(Data excerpts)
......
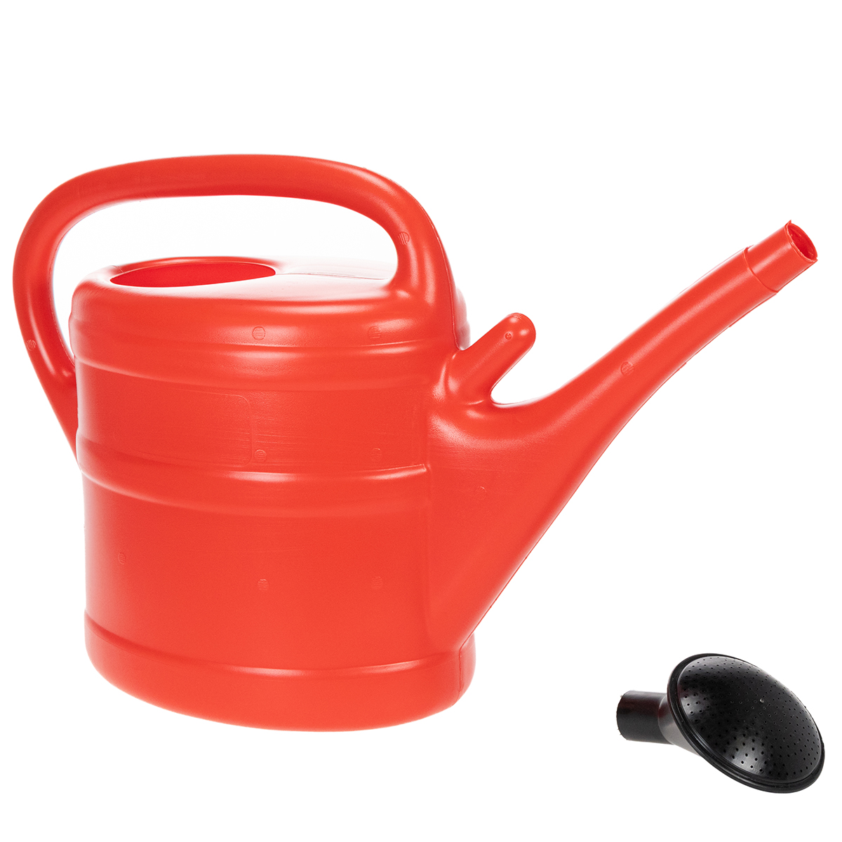 Červená konev je vyrobena z odolného plastu a je dodávána s odnímatelnou hubicí.
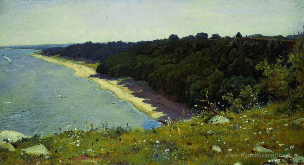 Ti offriamo una riproduzione artigianale su tela dell'opera famosa 'In riva al mare' di Ivan Shishkin, dal Museo delle Riproduzioni.
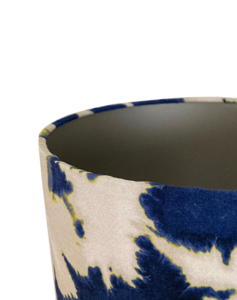 De kap is van niet-lichtdoorlatende taupekleurige folie wat mooi past bij blauwe of bruine lampenvoeten.
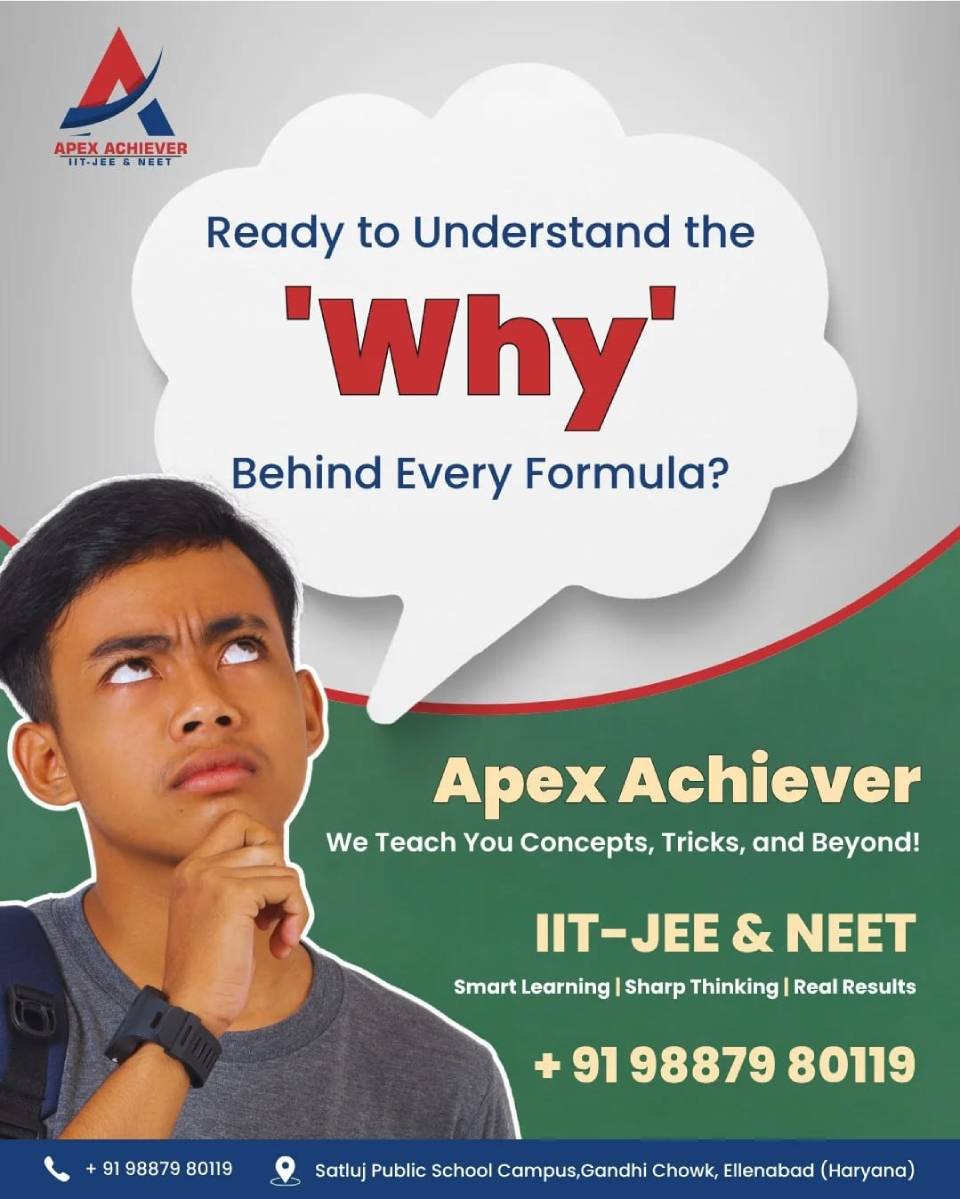 Apex Achievers is one of the leading coaching institutes in Sirsa, Haryana, dedicated to preparing students for competitive exams like IIT-JEE and NEET. With a mission to empower young minds and build strong academic foundations, we ensure every student gets personalized attention and top-quality guidance.
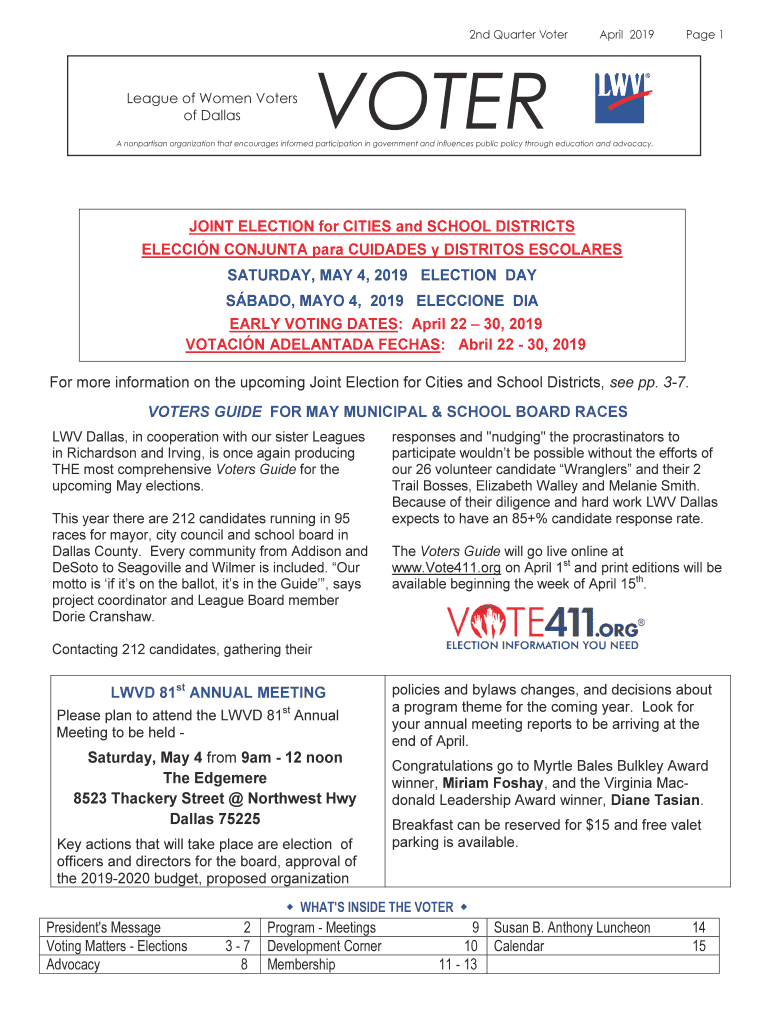 2nd Quarter Interleague of Women Voters of Dallas April 2019Page 1VOTERA nonpartisan organization that encourages informed participation in government and influences public policy through education
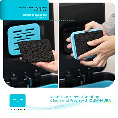 - Take Control of Your Kitchen – No more musty trash cans that stench up your kitchen. CleanAura is designed to help prevent the uninviting odors from evading the inside of your trash can with the use of an absorber filter placed inside the pod located under the lid. *NOTE: filters not included, fits up to 5″ x 4″ x 1″.
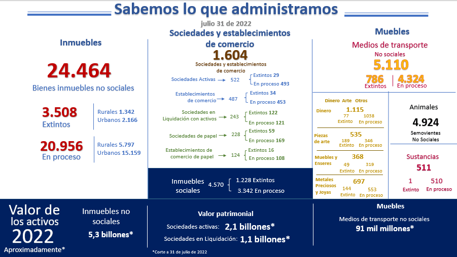 Según el documento la SAE, de los más de 35 mil bienes que esta entidad administra, solo puede vender y usar un poco más de 10 mil, que son los que están extintos y hacen parte de los activos del Estado. Los otros 25 mil son bienes que siguen en medio de largos y costosos procesos jurídicos para quitárselos a la mafia que hace todo tipo de maromas para no perderlos.
......
→ **Assignment**:
Your answer must be the exact lines from the start of the data through the line with "Apex Achievers is", inclusive, and nothing else; pictures do not belong in it.

→ **Solution to this exercise**:
 Červená konev je vyrobena z odolného plastu a je dodávána s odnímatelnou hubicí.
 Ti offriamo una riproduzione artigianale su tela dell'opera famosa 'In riva al mare' di Ivan Shishkin, dal Museo delle Riproduzioni.
 De kap is van niet-lichtdoorlatende taupekleurige folie wat mooi past bij blauwe of bruine lampenvoeten.
 Apex Achievers is one of the leading coaching institutes in Sirsa, Haryana, dedicated to preparing students for competitive exams like IIT-JEE and NEET. With a mission to empower young minds and build strong academic foundations, we ensure every student gets personalized attention and top-quality guidance.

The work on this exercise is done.